- Born: October 20, 1944 (age 81) Australia
- Known for: Immune network theory
- Scientific career
- Fields: Immune network theory

= Geoffrey W. Hoffmann =

Australian-Canadian scientist (born 1944)

Geoffrey William Hoffmann (born October 20, 1944) is an Australian-Canadian theoretical biologist. Hoffmann was a faculty member in the Department of Physics at the University of British Columbia and the founder of Network Immunology Inc. in Vancouver, Canada. He is best known for symmetric immune network theory.

== Education and early research ==

Hoffmann studied physics at the University of Melbourne then obtained a PhD at the Technische Universität Braunschweig as a student of Manfred Eigen for research done at the Max Planck Institute for Biophysical Chemistry in Göttingen.

His initial work in theoretical biology addressed Leslie Orgel's paradox in origin of life theories. Hoffmann showed that an early sloppy translation machinery can be stable against the error catastrophe envisaged by Orgel and provided analyses of the expected occurrence of required catalytic activities and exclusion of disruptive catalytic activities. These calculations support the view that the origin of replication and metabolism together is plausible.

== Immune network theory ==

Hoffmann subsequently joined the Basel Institute for Immunology, where Niels Jerne had proposed that the immune system is a network, consisting of antibodies and lymphocytes that recognize not only things that are foreign to the body, but also each other. Immune network theory became, and remains, Hoffmann's primary research focus. He developed the symmetrical immune network theory based on Jerne's hypothesis. This theory involves symmetrical stimulatory, inhibitory and killing interactions, and is a framework for understanding, using a small number of postulates, a number of immunological phenomena that are not readily explained otherwise.

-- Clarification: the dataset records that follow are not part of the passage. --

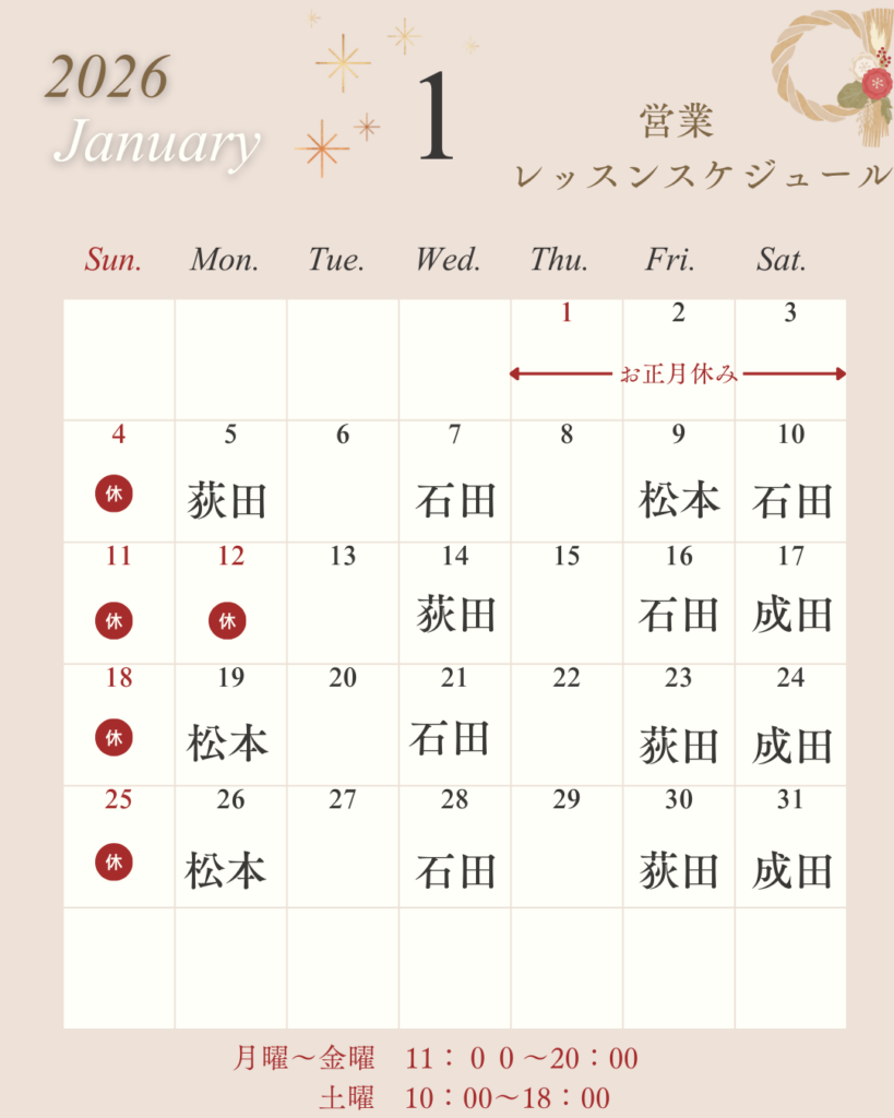 1月レッスンスケジュール掲載致します☆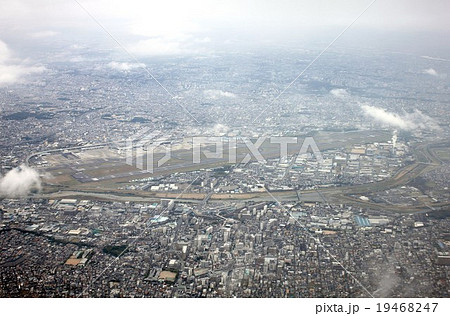 千葉県房総半島の陸上自衛隊木更津駐屯地飛行場と木更津市街地を東京湾上空から望む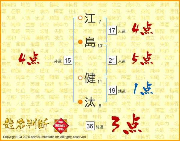 江(7画)島(10画) 健(11画)汰(8画)

=== Application to HIV pathogenesis ===

Because symmetrical immune network theory offers a novel model of HIV pathogenesis, Hoffmann and his lab at the University of British Columbia contributed basic research relevant to the search for an HIV vaccine. Achievements included the co-discovery of "second symmetry", a co-study on antibodies made in a normal immune response that bind both to foreign invaders and to antibodies with the same specificity, and the discovery, with others, that mice immunized with foreign lymphocytes make anti HIV antibodies.

== Neural networks ==

Hoffmann noted many similarities between the immune system and the brain, including that:
- both systems have memory and are able to respond appropriately to a wide range of stimuli
- both networks consist of comparable numbers of cells, and
- both systems have a profound sense of self.
The analogy resulted in the discovery of a neural network in which neurons exhibit hysteresis and thus can learn without synaptic modification. He also discovered, with Davenport, a way to add hidden neurons to Hopfield neural networks and thus extend their associative memory capacity.

== Network theory of war ==

Hoffmann proposed that wars are enabled by selective processes that influence how individuals advance within societies. He argues that such processes occur in all societies, democratic or not, and can be counteracted by increased contact between individual citizens across national or cultural divides.